PC candidate Zee Hamid, who has Liberal roots, won by more than 2,400 votes, or nine percentage points, over Liberal Galen Naidoo Harris in the riding of Milton, just west of Mississauga.

Polls and observers suggested Milton would have been a tighter race as the Liberals looked to make inroads in the 905 corridor around Toronto that the Tories have dominated the last two elections.

“I feel great,” Hamid said after his win. “I think it's an affirmation of the great work that our PC Party is doing in Ontario and people voted to continue that.”

Fellow PC candidate Steve Pinsonneault drew 57 per cent of the votes in the Tory stronghold of Lambton-Kent-Middlesex.

Ford celebrated the wins with Hamid at his victory party in Milton.

“We're fortunate, we're blessed, but we're very humbled about the victory,” Ford said.

“We couldn't ask for two better candidates than Zee and Steve.”

The Liberals finished securely in second in both byelections with the Opposition New Democrats coming in a distant third.

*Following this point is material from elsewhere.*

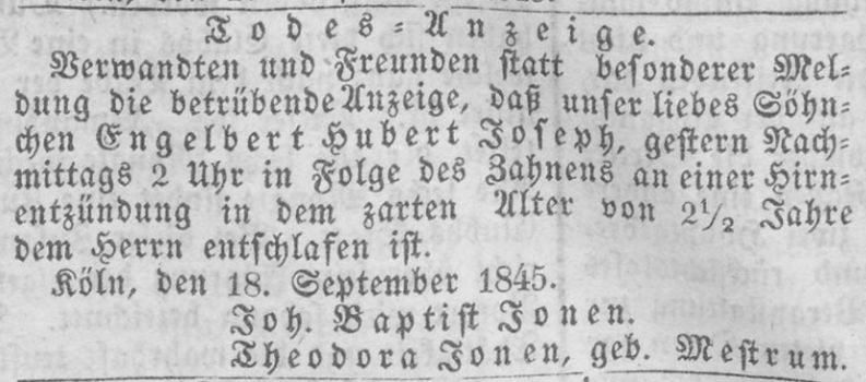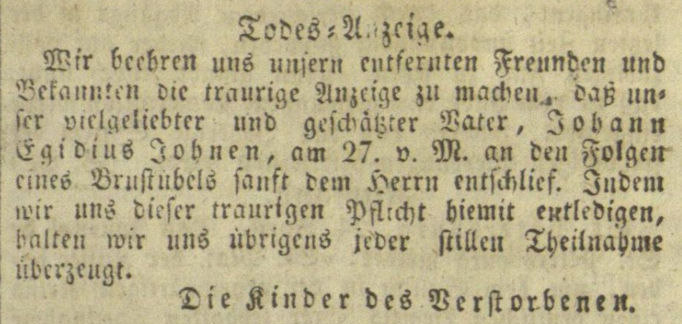 vielgeliebter und geschätzter Vater Johann Egidius Johnen am 27. d. M., an

“Tonight's results in Milton and Lambton-Kent-Middlesex send a strong message: Bonnie Crombie and Ontario's Liberals are the only alternative to Doug Ford,” the Ontario Liberal Party said in a statement.

“Ontario Liberals will continue to hold the Ford Conservatives accountable for choosing to reward their rich insider friends instead of fighting for the real people of Ontario.”

Milton has been vacant since cabinet minister Parm Gill resigned in February to join the federal Conservatives.

Hamid, a three-term Milton councillor, donated to the Liberals as recently as 2022 and unsuccessfully sought a federal Liberal nomination in 2015.

Farther southwest, Lambton-Kent-Middlesex was held since 2011 by Monte McNaughton, who served in Opposition for the Progressive Conservatives. McNaughton, a cabinet member, was seen as a rising star on Ford's team before he resigned last October.

Liberal candidate Cathy Burghardt-Jesson finished more than 9,000 votes behind Pinsonneault, a Chatham-Kent councillor, as she collected 23 per cent of the votes.

Ford paid Milton a lot of attention during the byelection and in the lead-up to it, with announcements on GO Transit service and Highway 413, and has had many cabinet ministers and other caucus members canvassing there.

While a Tory loss in Milton would not have affected Ford's majority, the party already lost a seat in a byelection last year that had been held by another cabinet minister and did not want a repeat.

The byelection marked the first test for Crombie, who was crowned Liberal leader in December. The former Mississauga mayor considered then decided against running for the Milton seat herself.

“The path to victory is going to be won through the 905, as it has been for the Conservatives, and so holding onto this seat and doing so quite convincingly at this stage should be really emboldening for the Conservatives,” said Cameron Anderson, a political science professor at Western University.

“I see a not bad showing for the Liberals at just under 40 per cent, but clearly not a breakthrough for the Liberals and clearly not a repudiation of the governing party at this time.”